A rainy day in Los Angeles offers a perfect opportunity to consider our legacy — yours and mine.

I’m not talking about the money we might leave to those we love. I am talking about the actions we perform each day to help others. Those acts are our most lasting and important gift to the world.

Years ago a young man asked me for advice. He was planning to start a business in commercial property management — similar to mine, and I freely gave him my time along with my guidance.  Then he asked me to share the templates for all of my contracts. I considered the possibility that he might ultimately become a competitor, but what the heck — I believed, and still do, that we have an obligation to help others to the extent we reasonably can. I gave him a copy of each of our forms. He thanked me. I never saw him again.
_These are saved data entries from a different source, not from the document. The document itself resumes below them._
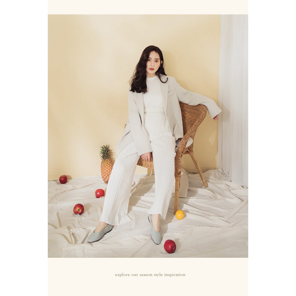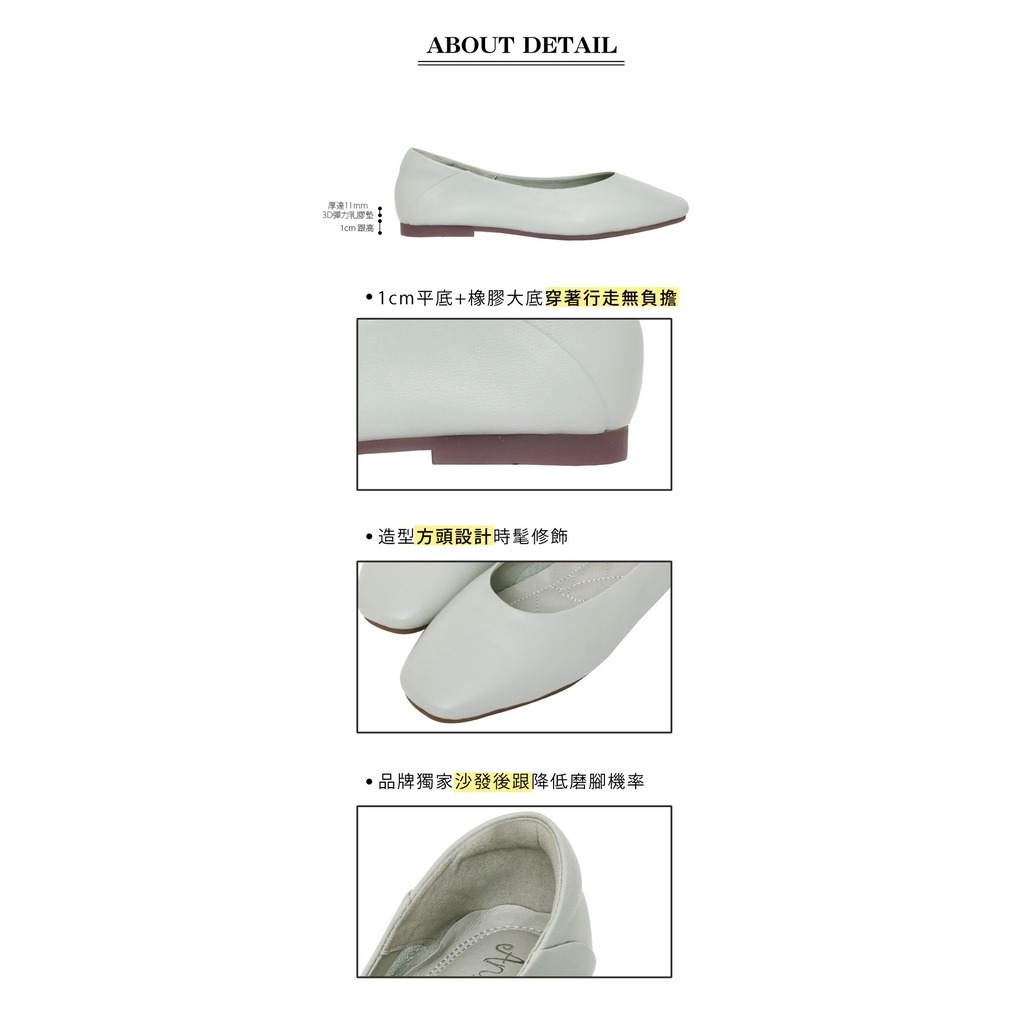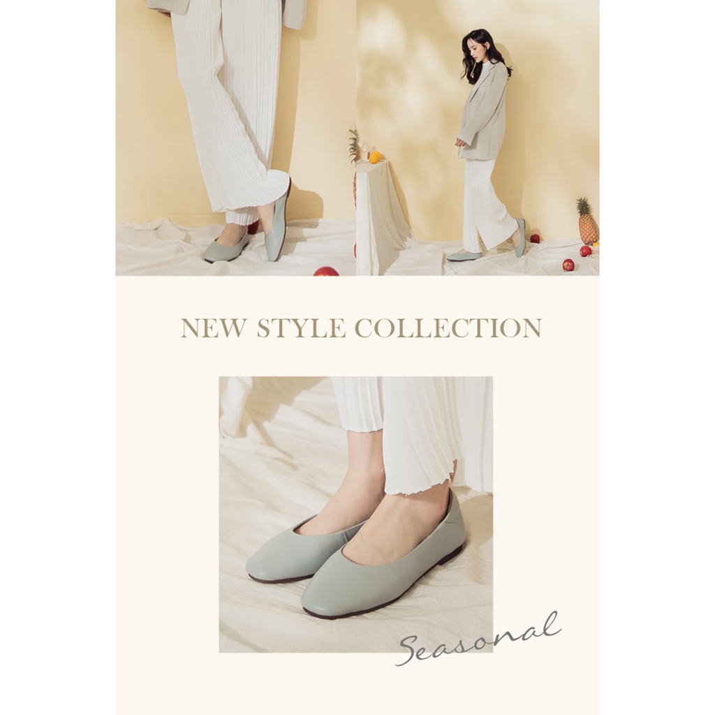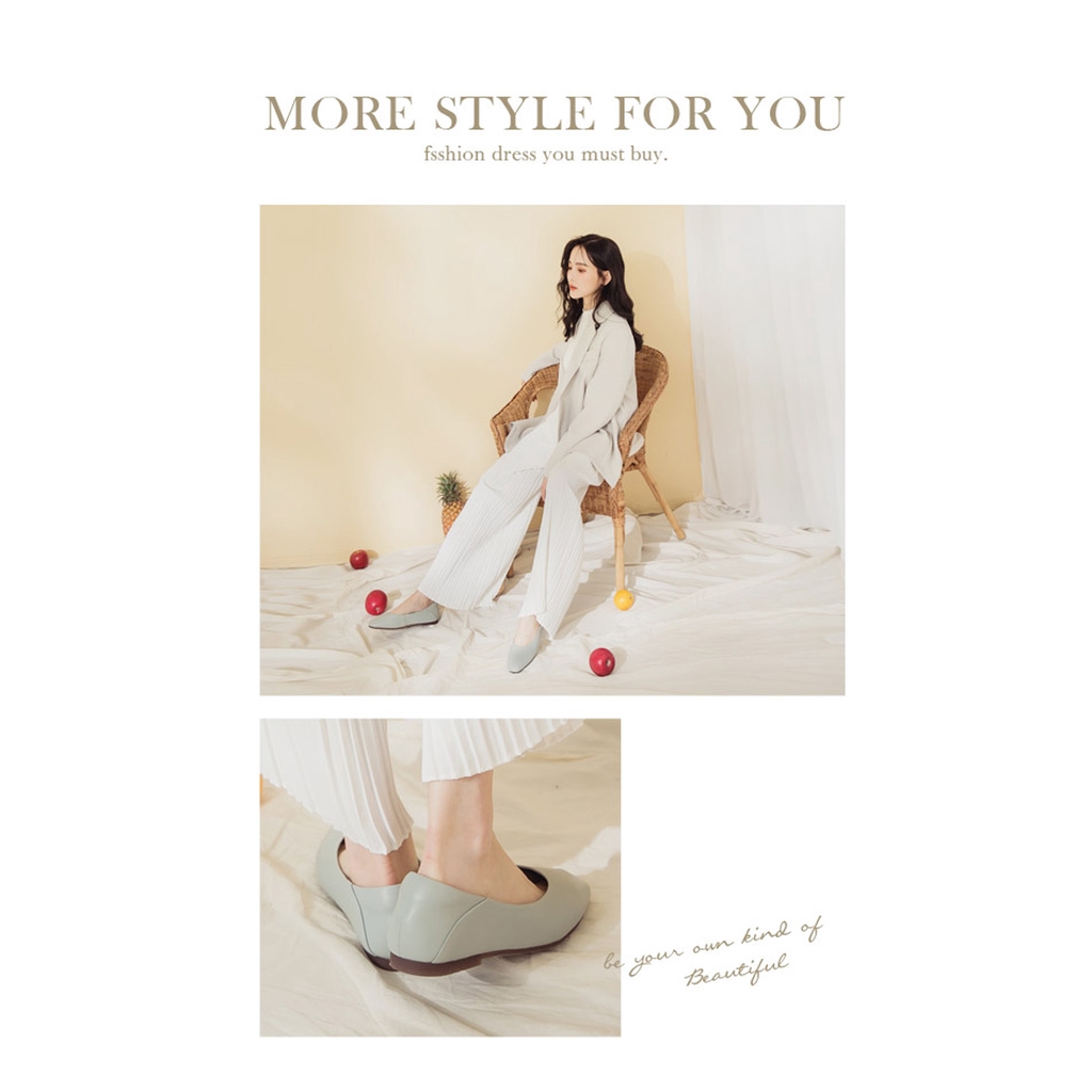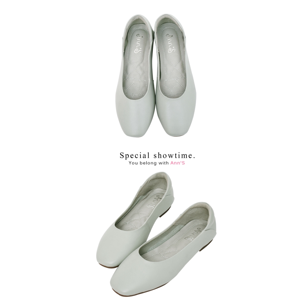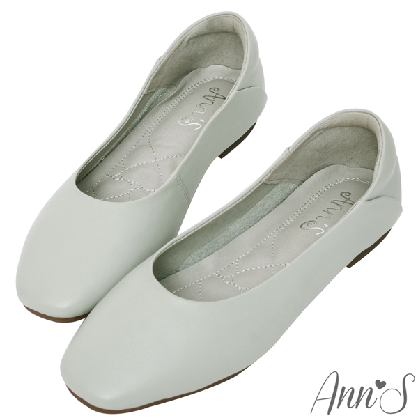 Ann’S全真皮牛皮時髦顯瘦方頭平底鞋-藍
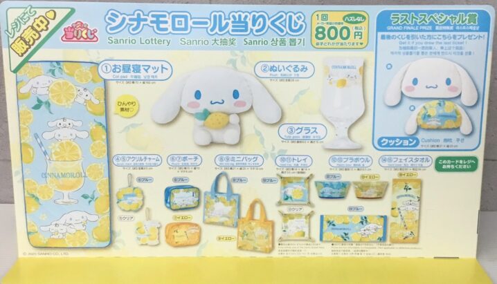 おもちゃコーナーより 7/5(土)朝10時発売‼️ ❤️シナモロール当りくじ❤️ 1回800円 爽やかなレモンモチーフのシナモロール当り…
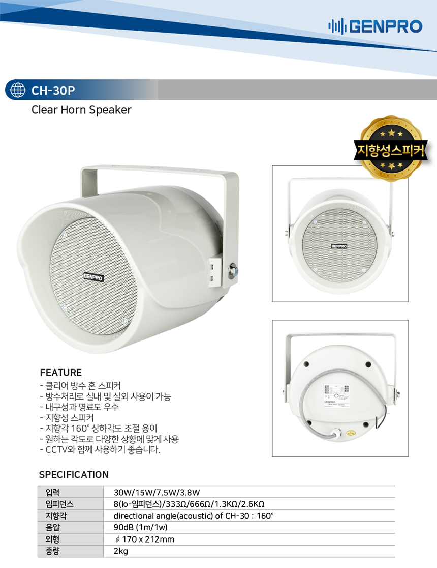 CH-30P 젠프로 클리어 혼 스피커 30W, 방수 스피커, 지향성 스피커, 공원, 지하철, CCTV 경고 방송, 매장, 카페, 팬션, 가로등, 전시장, 지하철 등 다용도 사용.CH30P 본문
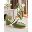 Women's 1950s Green Satin Mary Jane Block Heels – Elegant Cross-Strap Vintage Shoes for Weddings, Parties, and Formal Events |
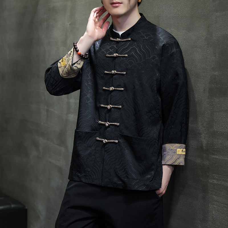 中国风男装春夏季新中式立领衬衫男士古风汉服盘扣长袖唐装上衣薄
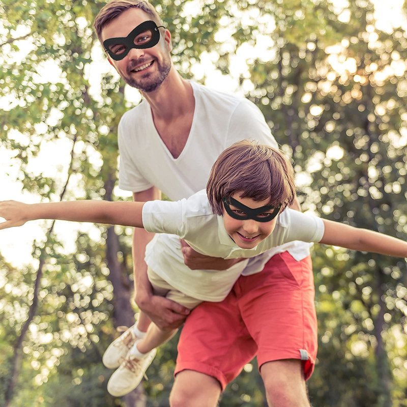 - Quantity: Pack of 2 black superhero masks, comes in a ziplock pouch for storage for the next time you need them.

Still, I’m glad I helped. You’ve probably read the articles that establish how helping others brings us happiness. I agree.  It brings me great joy to help others.

I also hope that when I help someone, they will pay it forward by helping someone else, although that would be a bonus.  It’s not part of the original deal.

We all help our children, emotionally and financially from the moment they are born. We even continue to help them long after they begin to know more than we do — at about age thirteen. That’s fine with me. Better they should learn from their own mistakes while they are still at home in a somewhat protected environment. But even after they have fledged from the protective nests of their childhood homes – we continue helping them. And they in turn, begin to help us along with helping their own children, and others.

And so it goes. A cycle of helping others is the best legacy any of us can leave. As soon as I finish writing this blog, I’m going to take a moment to listen to the rain, and silently remember, and thank, all of those who helped me along my way. There have been, and still are, many.

My thanks to you for reading (and sometimes commenting) on my blog. I appreciate you.